Dans la foule des chevaux éreintés par le pavé meurtrier de Bucharest, je remarquai plusieurs attelages superbes, des cochers débraillés, quelques livrées riches et élégantes, des heiduques hauts comme des tambours-majors, à tous crins et magnifiques.

Parmi ces derniers serviteurs, hommes de confiance et d’apparat, celui du consul de France était cité pour sa belle prestance. — C’était un janissaire au costume splendide, à la tournure majestueuse et d’un superbe effet derrière la voiture de son maître. — Il perdait à être vu de près. Quand je le vis face à face, je cherchai quelque part sur sa personne la signature de Daumier, qui semble avoir dessiné sa figure aux jours de sa meilleure humeur. C’est un Turc pour rire comme beaucoup de vrais Turcs.
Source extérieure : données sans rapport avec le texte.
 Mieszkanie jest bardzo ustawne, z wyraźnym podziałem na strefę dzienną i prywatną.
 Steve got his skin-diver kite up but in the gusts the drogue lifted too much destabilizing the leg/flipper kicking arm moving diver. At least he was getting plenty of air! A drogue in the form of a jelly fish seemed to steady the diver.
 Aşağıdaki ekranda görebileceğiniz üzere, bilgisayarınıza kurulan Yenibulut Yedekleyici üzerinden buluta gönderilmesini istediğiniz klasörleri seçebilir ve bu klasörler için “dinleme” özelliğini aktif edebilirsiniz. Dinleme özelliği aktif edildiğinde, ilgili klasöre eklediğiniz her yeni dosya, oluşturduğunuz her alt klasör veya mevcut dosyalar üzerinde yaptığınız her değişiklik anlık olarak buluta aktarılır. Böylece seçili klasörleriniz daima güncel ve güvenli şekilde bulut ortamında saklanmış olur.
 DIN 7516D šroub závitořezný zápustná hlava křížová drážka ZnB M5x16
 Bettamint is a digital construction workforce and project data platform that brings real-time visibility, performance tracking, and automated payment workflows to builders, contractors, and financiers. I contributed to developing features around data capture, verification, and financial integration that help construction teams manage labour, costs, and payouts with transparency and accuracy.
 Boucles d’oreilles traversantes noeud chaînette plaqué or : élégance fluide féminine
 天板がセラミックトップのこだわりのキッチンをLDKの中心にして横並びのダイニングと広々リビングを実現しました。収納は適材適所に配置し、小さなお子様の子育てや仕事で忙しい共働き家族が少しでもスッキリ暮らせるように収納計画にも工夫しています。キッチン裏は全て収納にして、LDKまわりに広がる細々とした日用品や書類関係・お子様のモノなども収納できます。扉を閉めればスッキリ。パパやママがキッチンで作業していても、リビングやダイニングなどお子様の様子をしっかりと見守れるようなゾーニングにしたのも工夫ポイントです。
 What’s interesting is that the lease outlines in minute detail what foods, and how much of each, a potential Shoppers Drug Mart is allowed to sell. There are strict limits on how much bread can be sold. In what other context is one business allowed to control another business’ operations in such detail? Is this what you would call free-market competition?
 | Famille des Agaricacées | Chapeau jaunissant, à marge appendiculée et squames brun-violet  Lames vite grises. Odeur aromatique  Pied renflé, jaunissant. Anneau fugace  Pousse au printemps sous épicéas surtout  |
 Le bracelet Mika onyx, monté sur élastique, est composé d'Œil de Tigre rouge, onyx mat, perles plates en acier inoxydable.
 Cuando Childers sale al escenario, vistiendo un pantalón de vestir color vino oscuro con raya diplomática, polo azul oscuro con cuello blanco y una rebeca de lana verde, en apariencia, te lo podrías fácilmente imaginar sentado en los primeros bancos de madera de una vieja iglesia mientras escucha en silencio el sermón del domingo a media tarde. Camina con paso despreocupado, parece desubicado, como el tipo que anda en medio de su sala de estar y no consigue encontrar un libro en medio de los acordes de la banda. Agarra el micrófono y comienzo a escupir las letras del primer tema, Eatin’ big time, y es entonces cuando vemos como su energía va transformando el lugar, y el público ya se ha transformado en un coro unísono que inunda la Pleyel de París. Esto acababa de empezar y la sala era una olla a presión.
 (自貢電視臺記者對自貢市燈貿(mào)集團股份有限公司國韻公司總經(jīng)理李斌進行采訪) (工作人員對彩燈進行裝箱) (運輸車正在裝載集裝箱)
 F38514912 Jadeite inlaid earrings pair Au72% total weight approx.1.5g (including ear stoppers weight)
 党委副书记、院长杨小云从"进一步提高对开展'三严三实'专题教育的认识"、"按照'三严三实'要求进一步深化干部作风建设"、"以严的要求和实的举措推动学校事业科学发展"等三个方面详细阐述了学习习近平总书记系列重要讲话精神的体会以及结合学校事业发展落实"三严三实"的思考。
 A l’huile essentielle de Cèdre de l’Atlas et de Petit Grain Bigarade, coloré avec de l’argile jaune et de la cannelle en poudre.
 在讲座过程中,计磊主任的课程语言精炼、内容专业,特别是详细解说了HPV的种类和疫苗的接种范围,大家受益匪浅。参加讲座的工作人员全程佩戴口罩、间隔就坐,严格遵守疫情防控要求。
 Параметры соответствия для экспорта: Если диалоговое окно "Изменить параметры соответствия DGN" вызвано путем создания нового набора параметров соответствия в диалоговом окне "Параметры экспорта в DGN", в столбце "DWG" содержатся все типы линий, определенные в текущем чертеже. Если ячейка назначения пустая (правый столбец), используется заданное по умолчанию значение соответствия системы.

Le consul d’Angleterre était suivi d’un magnifique Grec agréablement costumé. Sa figure, fine et gracieuse, contrastait singulièrement avec la face enluminée et joyeuse de son confrère en déchéance ; ni l’un ni l’autre ne paraissait se douter du singulier enseignement de politique et de morale que donnait leur condition servile. Ces descendants bien descendus, des anciens dominateurs du pays, échangeaient de joyeux propos et semblaient encore fiers de leur position officielle. Le Grec, habile à comprendre l’opinion publique, était obséquieux et courtisan auprès du Turc, qui est bon homme et sur lequel rejaillit une partie de la popularité dont jouit ici le consulat de France.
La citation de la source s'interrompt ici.